BIZCHINA / Center

Smelters may cut copper imports
(China Daily)
Updated: 2006-08-03 09:51

Chinese smelters may import less copper concentrate and reduce production if overseas miners scrap a scheme to share high copper prices with them.

The scheme, known as price participation, gives smelters the right to receive higher fees for processing concentrate, the raw material, as copper prices hover near record highs hit in May. The scheme is based on multi-year contracts.

"Concentrate prices are determined by world metal prices, therefore the price model is important," said Wang Chiwei, executive director of Jiangxi Copper Co Ltd, China's largest copper producer.
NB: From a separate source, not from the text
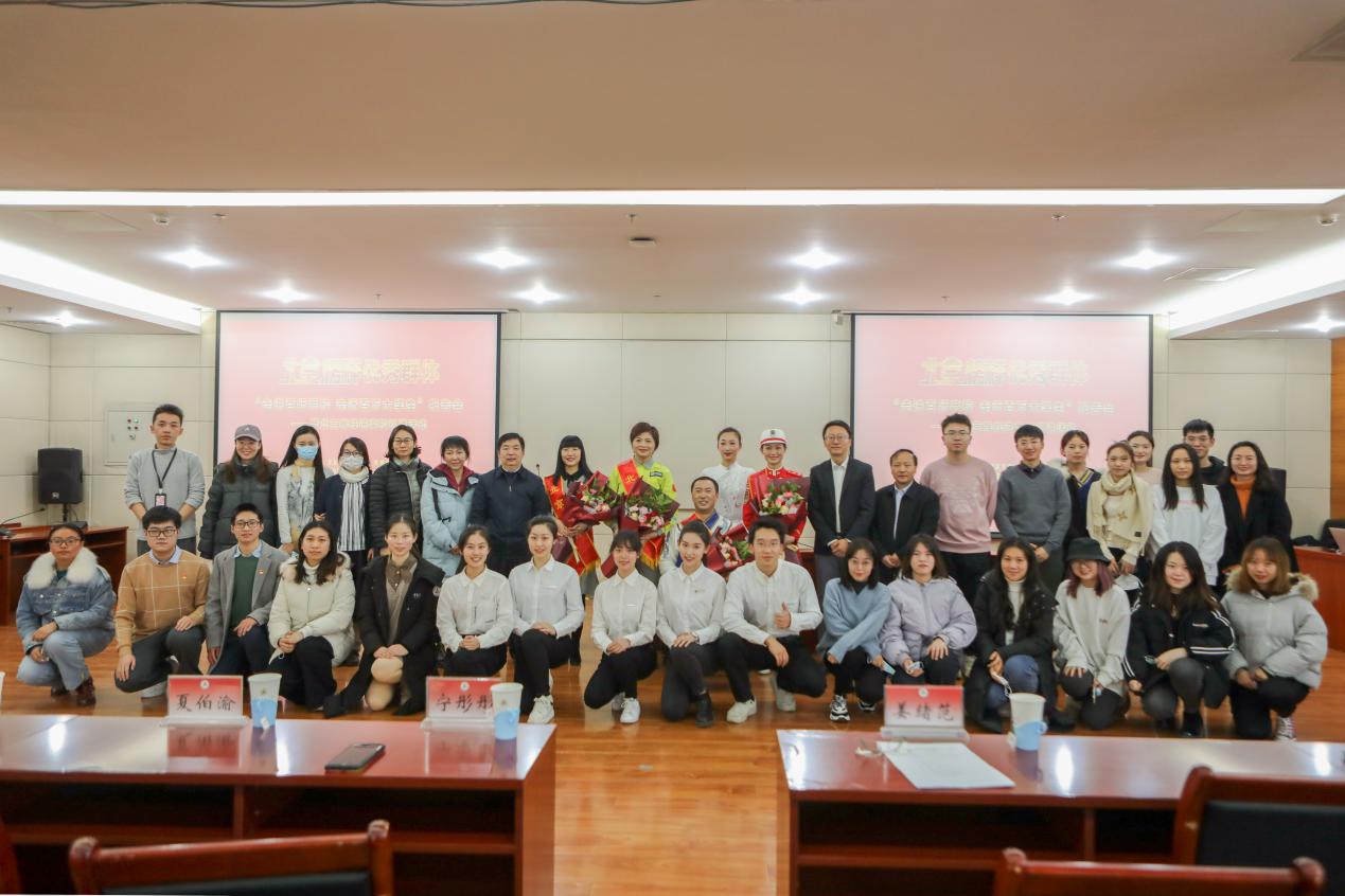 报告会结束后,学生代表向报告团成员献上鲜花,表达对北京榜样的敬意与祝福,师生们也上台与榜样合影留念。

The fees are paid by miners and serve as important revenue to smelters such as Jiangxi Copper.

China is the world's biggest copper consumer, but needs to import more than half of its concentrate.
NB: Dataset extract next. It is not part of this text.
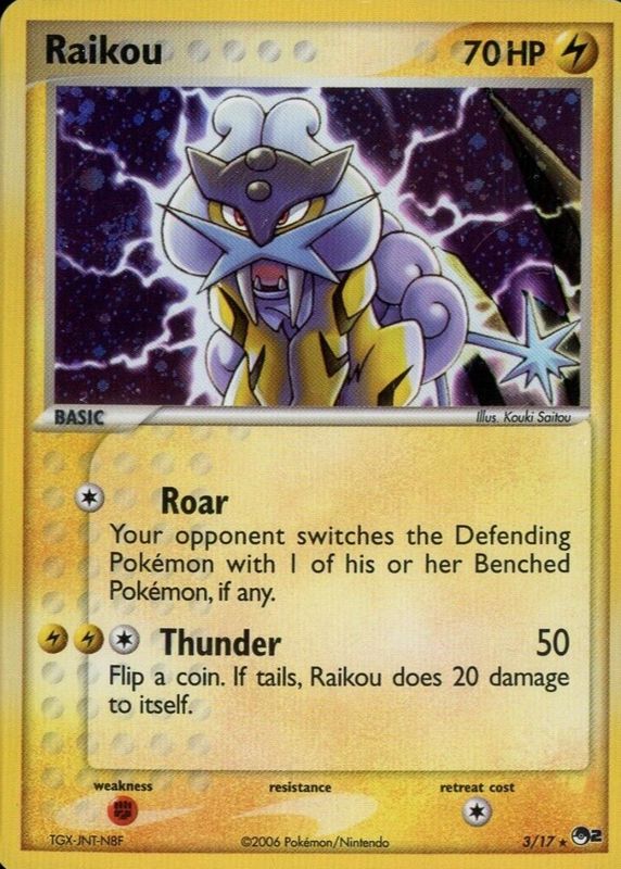 The Raikou 2005 POP Series 2 #03/17 Holo card in Raw TCG (Near Mint) condition has moved up $15.00 (+75.0%) in the last 30 days and was last sold for $34.99 .

"If there is no price participation, it is not acceptable. No smelters will agree to this," said Yang Jun, head of China Smelters Purchase Team, which represents eight top Chinese smelters including Jiangxi Copper and jointly imports spot concentrate.
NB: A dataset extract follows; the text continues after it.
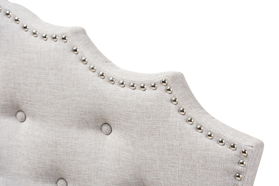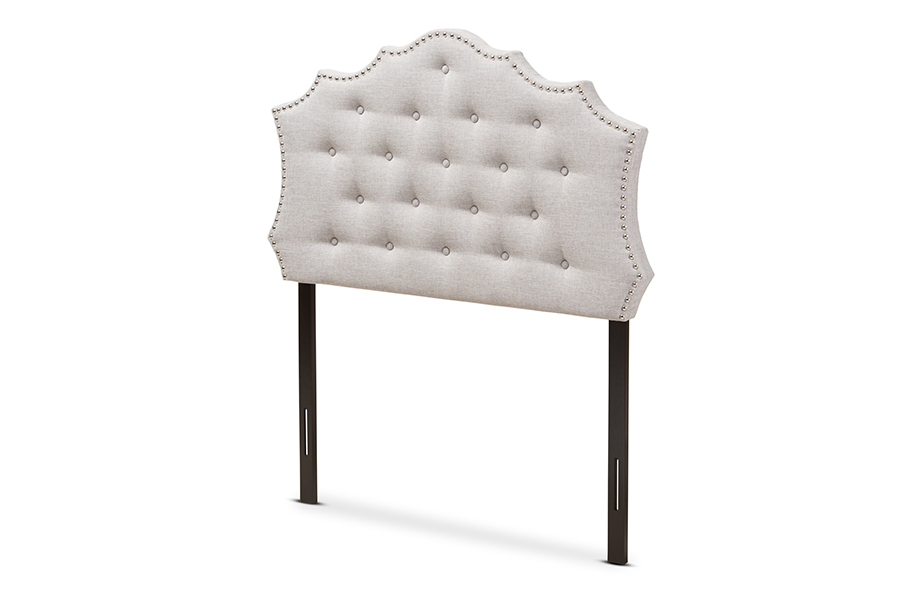 Classic finishes and an elegant curved shape make the Moscow fabric upholstered headboard the perfect centerpiece in your bedroom or guest room. Constructed of solid rubberwood frame, the Moscow headboard is upholstered in greyish beige or dark Graypolyester fabric that is durable. Featuring curvaceous style lines with button-tufted design, the Moscow is glamorously trimmed with silver nail heads. The headboard is supported sturdily by solid wood posts and is exceptionally cushioned to provide softness and shape while you sit up. Made in Malaysia, the headboard requires assembly.

Yang said that BHP Billiton Plc Ltd has demanded that Japanese smelters scrap the price participation scheme for shipments between July 2006 and June 2007. If agreed, other miners such as Freeport McMoRan Copper and Gold Inc could follow suit in a bid to boost profits.

Instead of the scheme, BHP has proposed giving Japanese smelters fees equivalent to roughly US$80 per ton for treating and 8 US cents per pound for refining its concentrate, 16 per cent lower than the fees with price participation in 2006, according to Japanese industry officials.

Chinese smelters are likely to face the same proposal when they hold talks with BHP later this week on yearly fees for shipments during the same 12 months.

At least six top Chinese smelters hold multi-year contracts with BHP with about 340,000 tons of copper concentrate a year involved about a tenth of China's imports. But falling fees make the price scheme even more important to Chinese smelters.

Under the scheme, when world copper prices rose above the base copper price of 90 US cents per pound, Chinese smelters received 10 per cent of the difference on top of the agreed fees. Copper now trades above US$3.50 per pound.

The fees are then deducted from the sales price of concentrate, which is based on the world copper price.

Copper hit an all-time high of US$8,800 a ton in mid-May and is still up more than 70 per cent on the year.

"If the fees will lead smelters to make losses, smelters would prefer to cut production," Wang said.